Cavaco Silva, que certamente tem a máquina de calcular avariada,  lembrou um milhão e duzentos mil portugueses desempregados e os cerca de 150 mil jovens que não têm emprego. Não falou, mas esteve quase, das suas parcas reformas que não vão chegar para pagar as despesas.

“É preciso mobilizar toda a comunidade portuguesa para conseguir inverter a tendência para a queda da produção económica e a queda do emprego”, referiu Cavaco Silva, defendendo que “o futuro do nosso país vai depender muito da capacidade, como comunidade, para criar um ambiente favorável ao investimento empresarial, à produção de bens que concorrem com a produção estrangeira, que podem ser exportados ou substituir produtos que neste momento são importados”.

Ou seja, o presidente da República limitou-se a dizer o óbvio e continuar a caminhar como se nada tivesse a ver com o assunto. O que vai dizendo assemelha-se à verdade que um dia destes vai dizer sobre os portugueses: antes de morrerem estavam vivos.

Cavaco Silva ressalvou, no entanto, que “ao mesmo tempo” é preciso manter “a coesão social” e, para isso, considera necessário “mobilizar todas as forças, todas as iniciativas, todas as regiões do país”, com destaque para o papel das autarquias.

Coesão social? Sim, com certeza. Tirando aquela parte da sociedade – também coesa – onde mamam os mexias do reino, a outra parte está igualmente coesa, cimentada na fome, na miséria, no ultraje, na escravidão.

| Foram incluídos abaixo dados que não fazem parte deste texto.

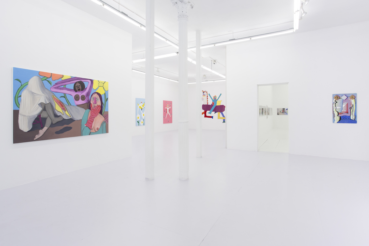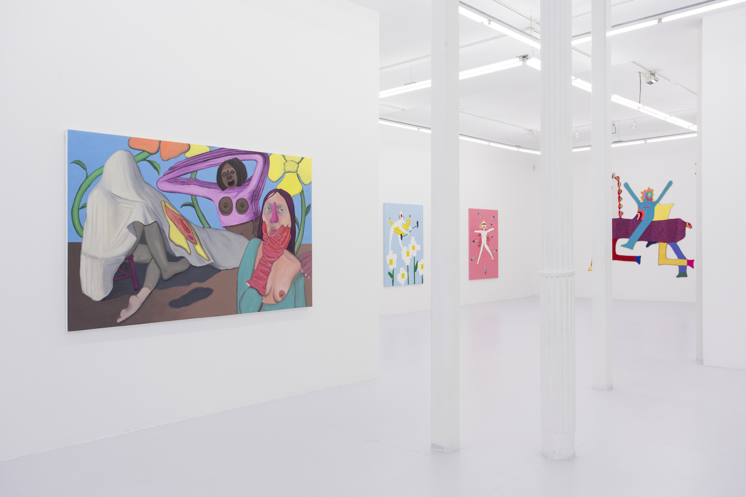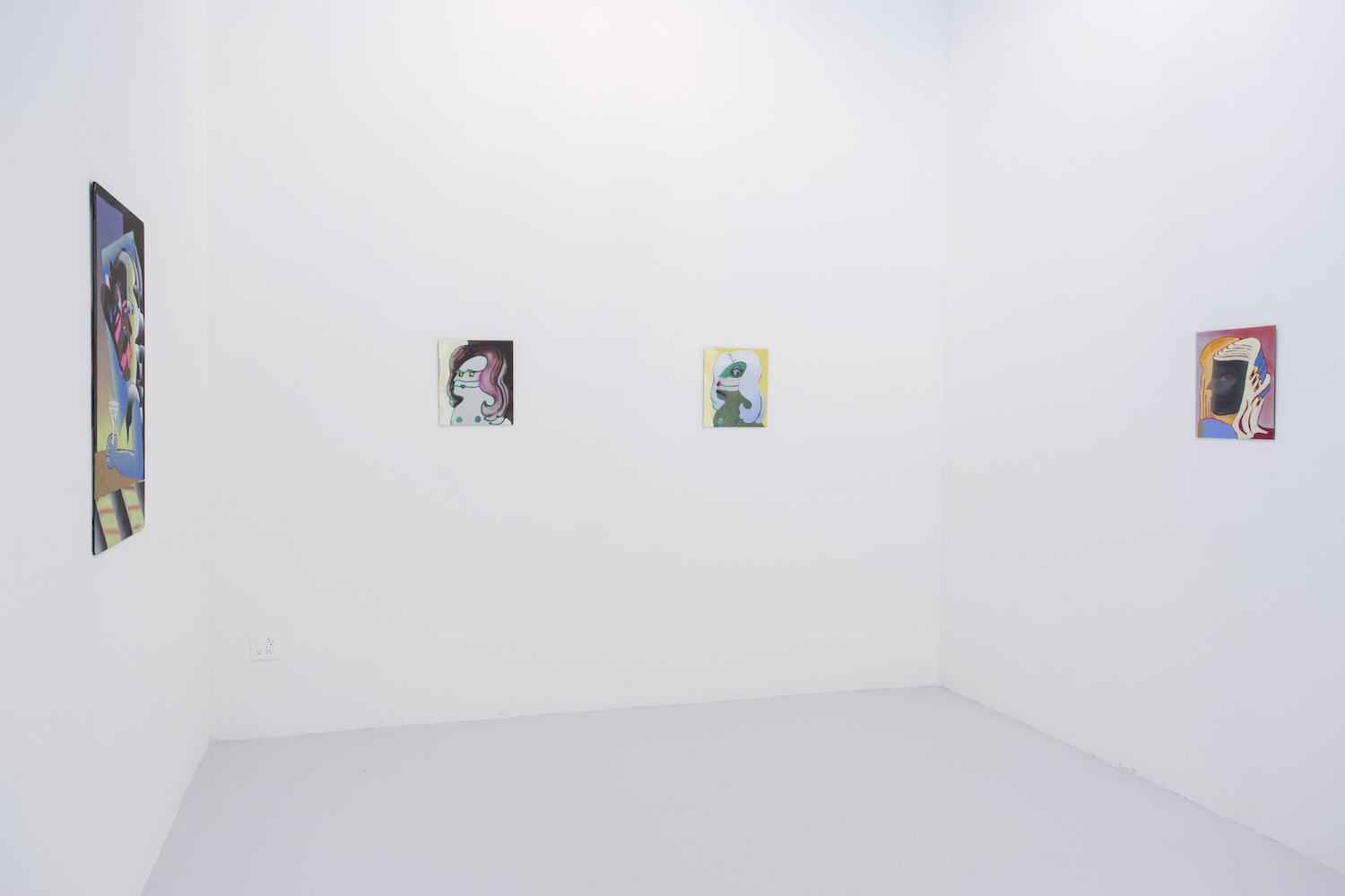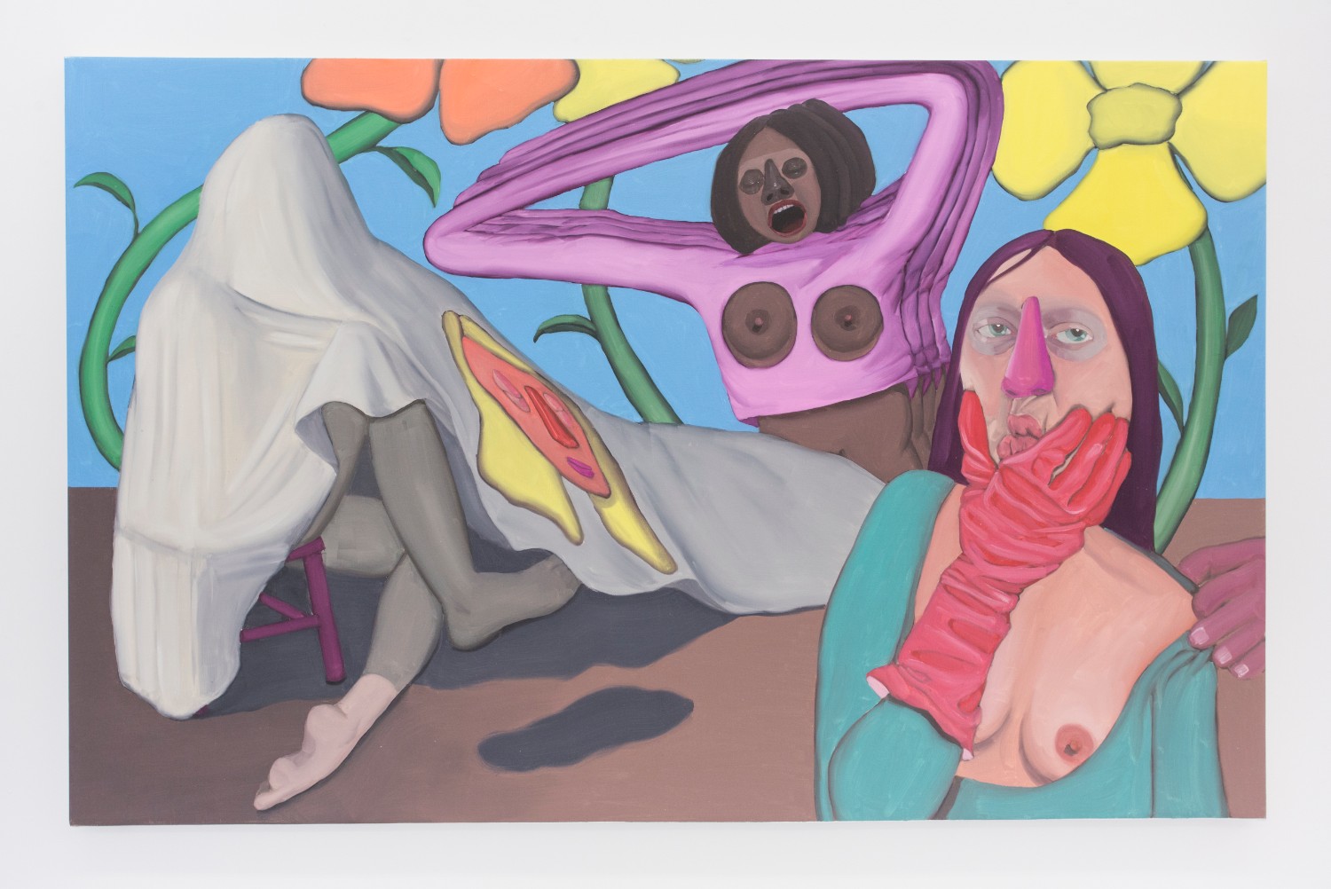 Lastly, Anja Salonen (b. 1994 LA) literalizes the push between figuration and flatness by including both in her expansive painting. Three fleshed-out figures of blended oil paint sit in a flat landscape with a canvas draped over one of them, on which a flat colored face is painted. Perhaps the most psychological work in the show–tho it has some competition in the “disturbed” department–the puzzlement on the foreground figure’s face just about covers it for me.
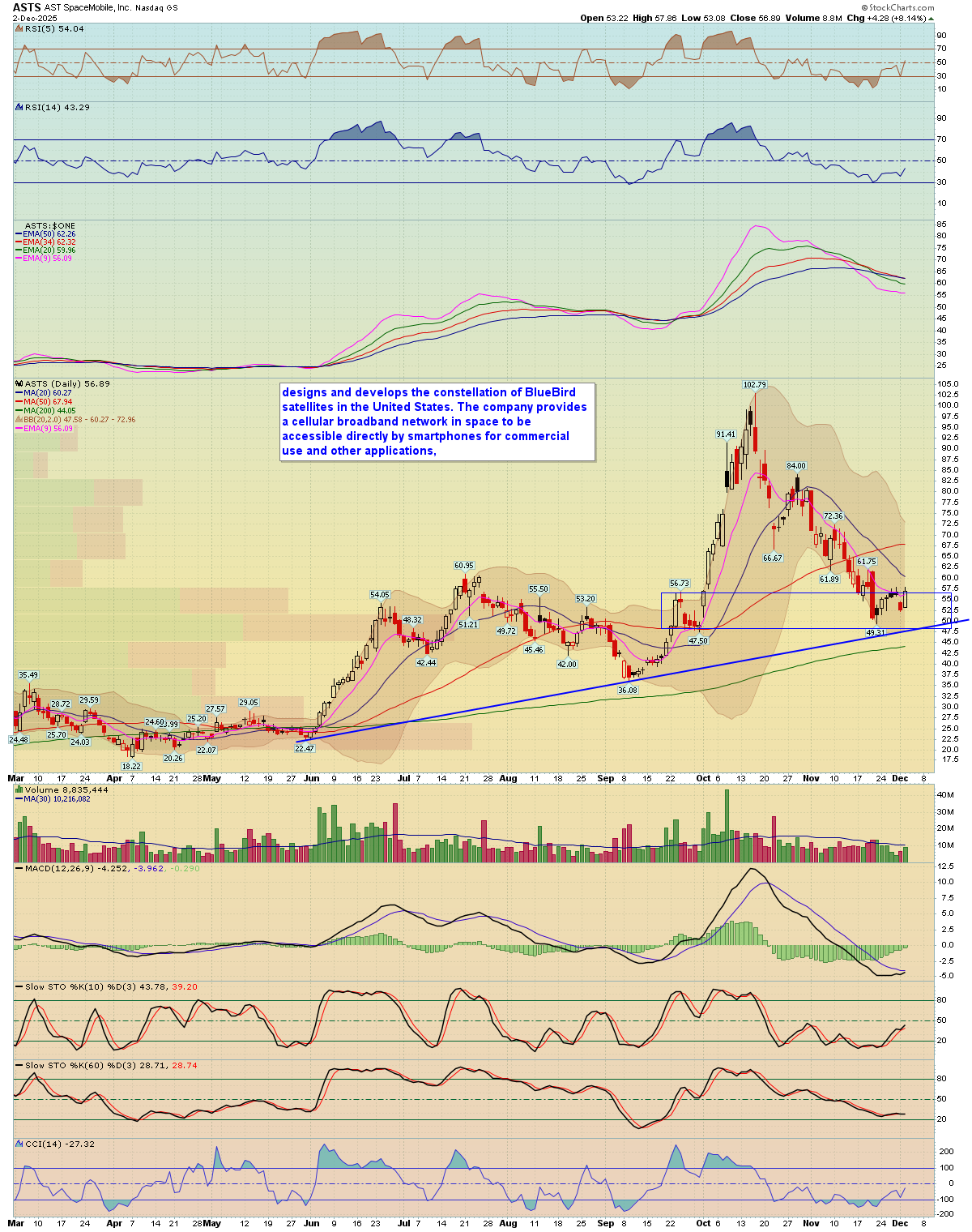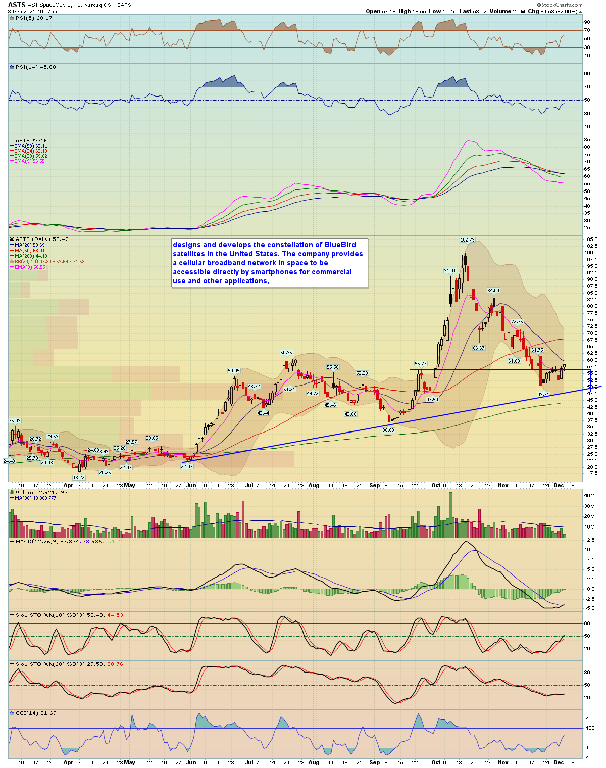 otherwise interesting stock, seems sort of like a Star Link and Bezos satellite internet competitor (designs and develops the constellation of BlueBird satellites in the United States. The company provides a cellular broadband network in space to be accessible directly by smartphones for commercial use and other applications,)

“As autarquias são hoje verdadeiros agentes do desenvolvimento económico e social do nosso país, elas mobilizam as sinergias locais, impulsionam o empreendedorismo local, difundem uma cultura de inovação, apoiam as pequenas empresas, dão visibilidade aos produtos locais, apostam na sua valorização”, considerou.

Bom. Então é isso. O Ovo de Colombo está nas autarquias mesmo que três em cada quatro estejam sem dinheiro para pagar dívidas, mesmo que um quinto dos municípios estejam em falência técnica.

“E temos que ser capazes de reconhecer publicamente os talentos e os méritos daqueles que são os melhores”, acrescentou Cavaco Silva, para sublinhar que “não há país que atinja um elevado nível de rendimento, de bem estar dos seus cidadãos, se não for capaz de reconhecer o talento e o mérito daqueles que são os melhores sociedade”.

Se calhar será por isso que o número de licenciados desempregados que anulou a inscrição nos centros de emprego para emigrar subiu 49,5% entre 2009 e 2011.

Cavaco Silva insiste que o país não pode permitir que os seus jovens “vão para fora, só porque pensam que na sua terra a sua vontade de subir na vida, a sua vontade de ganhar mais, a sua vontade de servir melhor o país, não é reconhecida”.

Conheço pessoas de alto nível cultural e de um enorme talento que são motoristas de táxi, repositores de produtos em supermercado, fazedores de embrulhos em lojas e, é claro, desempregados. Também conheço políticos e similares (ministros, deputados, autarcas, assessores, administradores de empresas públicas, institutos etc.) que deveriam ser motoristas de táxi, repositores de produtos em supermercado, fazedores de embrulhos em lojas e, é claro, desempregados.

A diferença entre eles não está na origem do “dr.” (mesmo que comprado na Lusófona) mas nas ligações partidárias que, a par ou não da competência, são muito mais do que meio caminho andado para se ter um bom tacho.

“Ninguém pode ser deixado para trás, ninguém pode ser deixado de lado”, principalmente os mais fracos, os mais frágeis, apontando “os idosos, os doentes, os deficientes”, disse Cavaco Silva.

Embora saiba que o Governo é cada vez mais forte… com os que são cada vez mais fracos, Cavaco Silva continua a fazer dos portugueses uns matumbos a quem basta peixe podre e fuba podre.